======== Source material ========
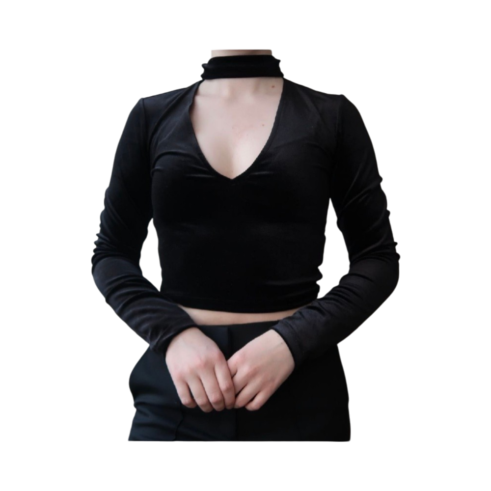 Musta pitkähiha‑croptop, syvä V‑aukko ja kaulusdetail.
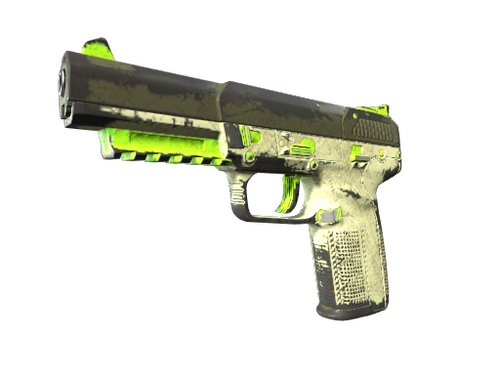 Die sehr präzise und panzerbrechende Five-SeveN ist eine kostspielige Pistole mit langer Nachladedauer, welche dafür ein großzügiges 20-Patronen-Magazin und einen einfach zu handhabenden Rückschlag bietet. Die Waffe wurde eintönig in Hellgrau und grellem Grün lackiert. Kollektion „Cache“
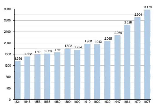 - Sources : INS, Rem. : 1831 jusqu'en 1970 = recensements, 1976 = nombre d'habitants au 31 décembre.
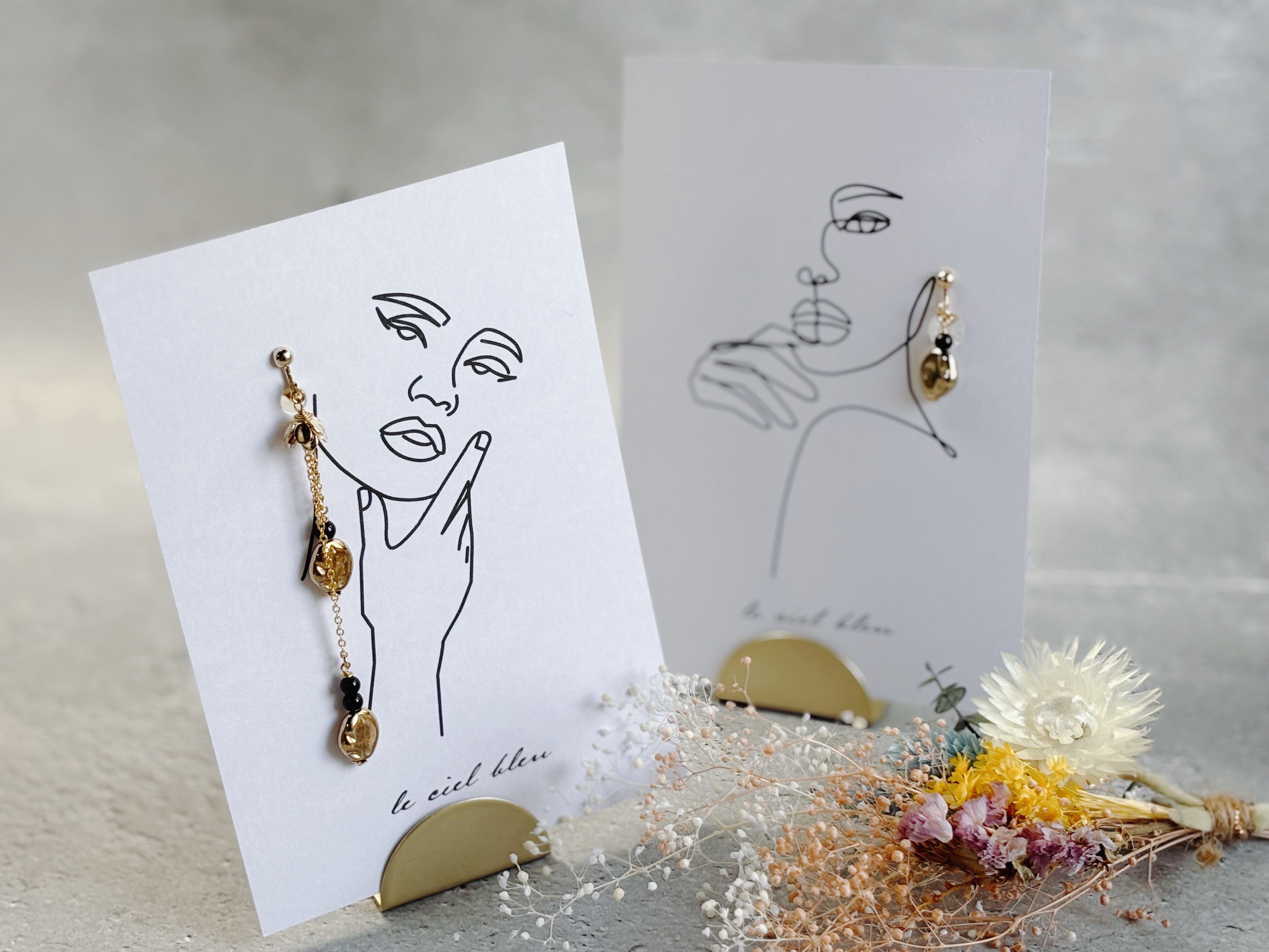 同じイメージのロングイヤリングもご用意があり、そちらとこのこちらのイヤリングでペアルックで着用するのもおススメです。
========
__Required action__. An exact copy of the data is required, with the pictures excluded.

__Response box__.
 Musta pitkähiha‑croptop, syvä V‑aukko ja kaulusdetail.
 Die sehr präzise und panzerbrechende Five-SeveN ist eine kostspielige Pistole mit langer Nachladedauer, welche dafür ein großzügiges 20-Patronen-Magazin und einen einfach zu handhabenden Rückschlag bietet. Die Waffe wurde eintönig in Hellgrau und grellem Grün lackiert. Kollektion „Cache“
 - Sources : INS, Rem. : 1831 jusqu'en 1970 = recensements, 1976 = nombre d'habitants au 31 décembre.
 同じイメージのロングイヤリングもご用意があり、そちらとこのこちらのイヤリングでペアルックで着用するのもおススメです。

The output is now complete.